Corrected entry: Throughout the series of the Hannibal Lecter films, his name remains the same. He is a wanted man. He would have been arrested and questioned at the very least between the end of 'Hannibal Rising' and the beginning of 'Red Dragon'. This would probably have convicted him. The 1950's police may have had limited technology but they would have his name at least on record. Even if the 1950's police thought Hannibal had been killed in the explosion in 'Hannibal Rising', they would have to assume he was still alive when they couldn't find his body (or body parts for that matter). I guess its a bit like the London serial killer 'Jack the Ripper' who was killing his victims a lot earlier than Hannibal was. They had hardly any technology, no evidence and no idea who he was, but I'm sure that if someone was calling himself 'Jack the Ripper' 20-30 years later, he would be 'brought in for questioning.
Corrected entry: I may need correcting here, but if the 1950's police (especially the war crimes inspector) believe that Hannibal Lecter has committed murders, Hannibal must be a wanted man, with his name and photo on a wanted persons list? At the start of Red Dragon when Hannibal is captured, Hannibal still uses the name Dr Hannibal Lecter. Surely his name would have been known to the authorities and he would have been captured (and most likely found guilty) years before red dragon.
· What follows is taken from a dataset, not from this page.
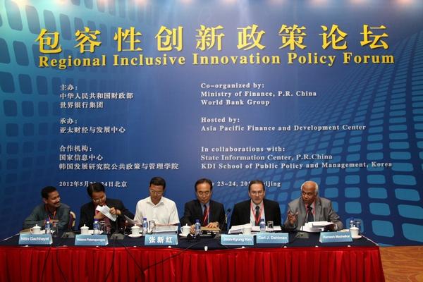 由中国财政部、世界银行集团联合主办,财政部亚太财经与发展中心承办的“包容性创新政策”论坛于2012年5月23-24日在北京举行。近百名来自APEC各经济体财政部和中央银行等政府部门的官员、世界银行和亚洲开发银行等国际机构的代表、以及企业界的代表参加了本次论坛。论坛开幕式由亚太财经与发展中心副主任李扣庆主持。财政部国际司副司长王忠晶和世界银行金融与私营部门发展局业务经理 Stefano Negri先生分别代表财政部和世界银行做了开幕主旨发言。

Corrected entry: Hannibal's final victim in the movie is supposed to be in Melville, Saskatchewan, and he is told it is near Saskatoon, Saskatchewan. These two cities are 356km apart, and about four hours drive away, longer in the 1950's. This is further distance apart than Paris to Marseilles, France, where most of the movie took place. Also, Melville is surrounded by farmland and fields, not the forest depicted in the movie. The Prairies near Melville are pretty much barren of trees.